Top of DATASET EXTRACT
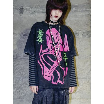 別鬧BIZZCUT/魔女憂愁/搖滾朋克印花二次元亞文化上衣長袖T恤套裝
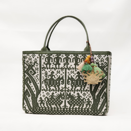 Large Tote Bag Tenun Kapal - Olive
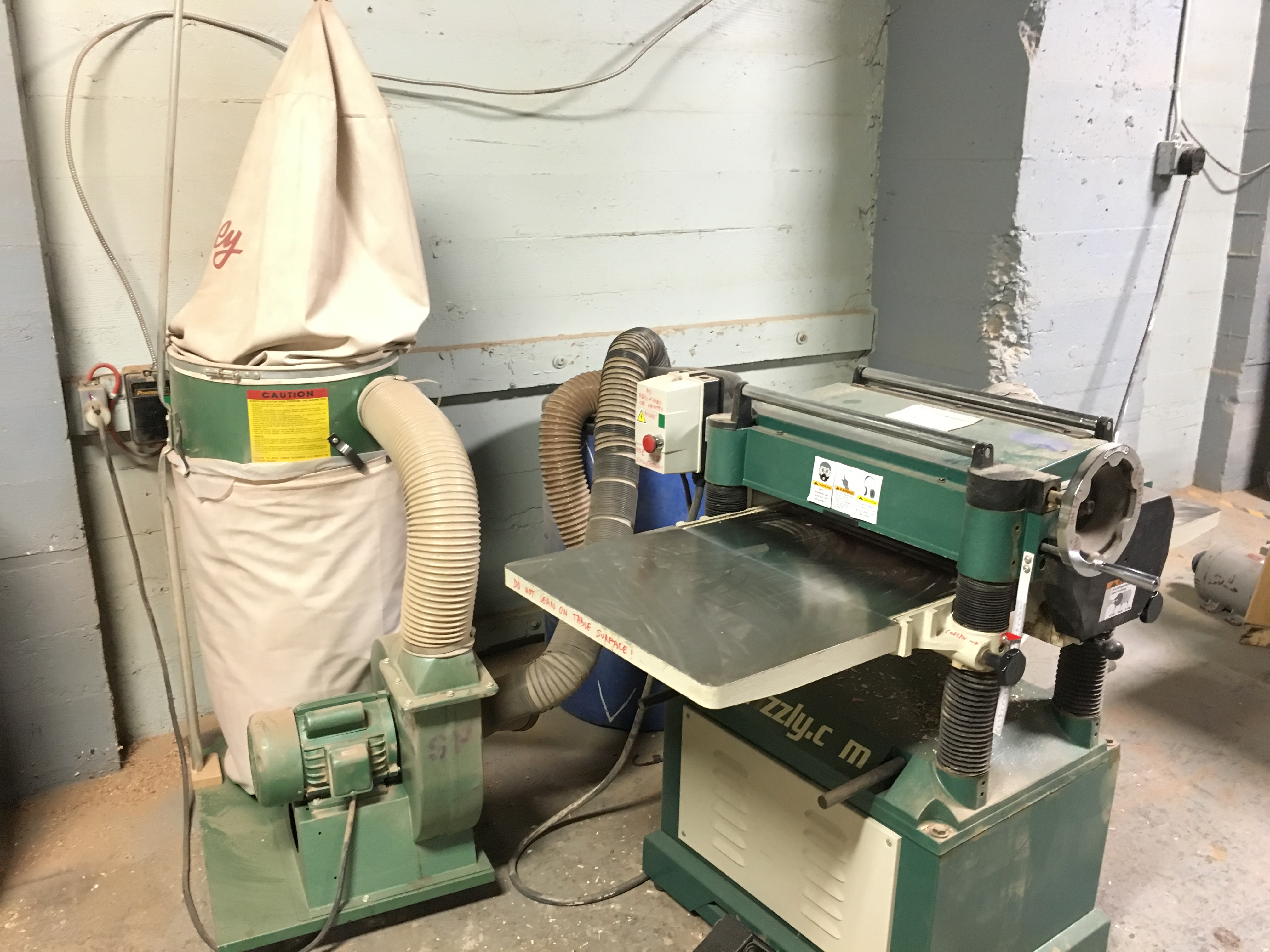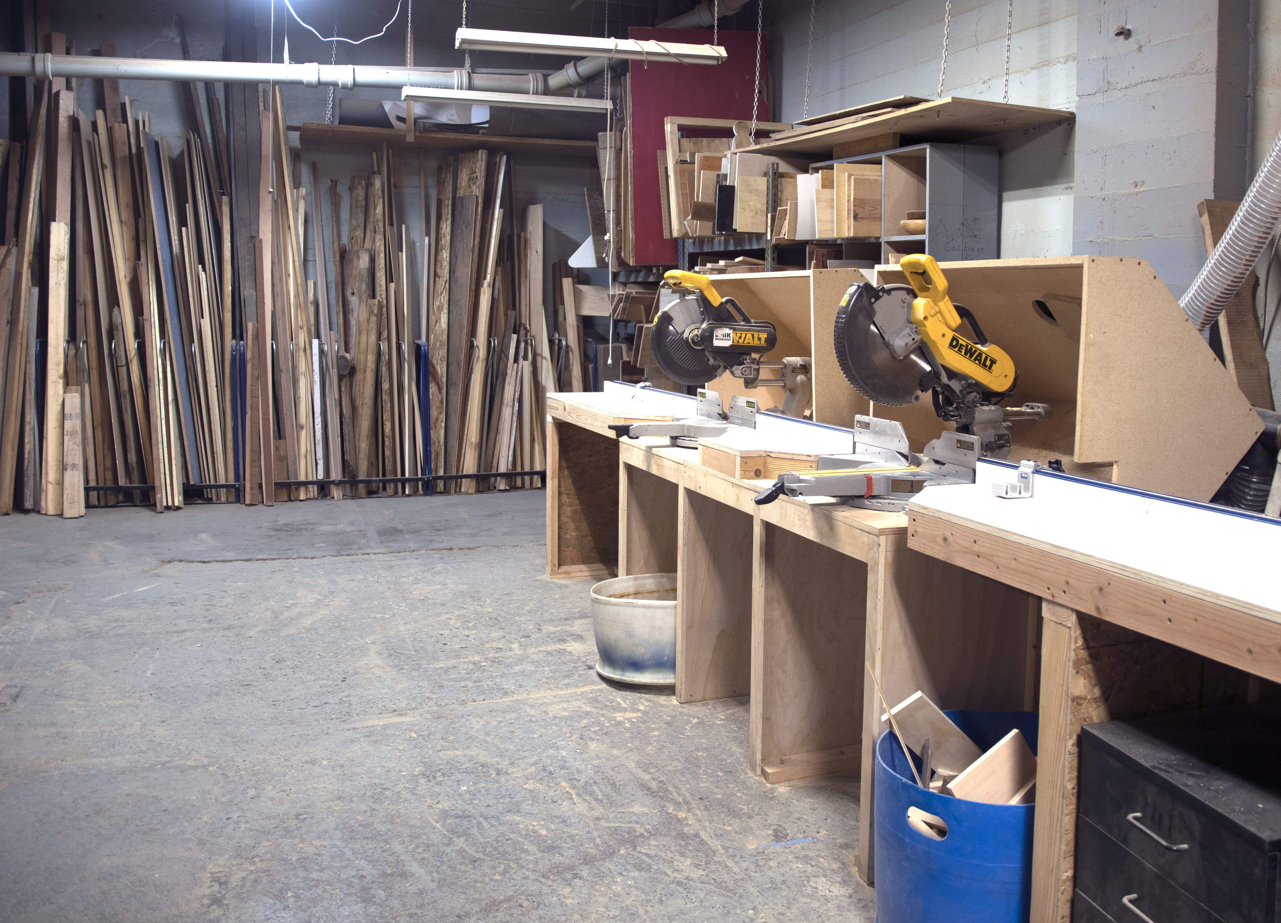 In total, ~4,500 sq ft of wood shop space. Our Lower Shop has 13 foot ceilings, concrete floors, eight common tables and large machines. Our Upper Shop has 10 foot ceilings, wood floors and quiet space.
Bottom of DATASET EXTRACT
• THE PROBLEM:
Restate the full listing word for word, excluding images.

• ANSWER TO THE EXERCISE:
 別鬧BIZZCUT/魔女憂愁/搖滾朋克印花二次元亞文化上衣長袖T恤套裝
 Large Tote Bag Tenun Kapal - Olive
 In total, ~4,500 sq ft of wood shop space. Our Lower Shop has 13 foot ceilings, concrete floors, eight common tables and large machines. Our Upper Shop has 10 foot ceilings, wood floors and quiet space.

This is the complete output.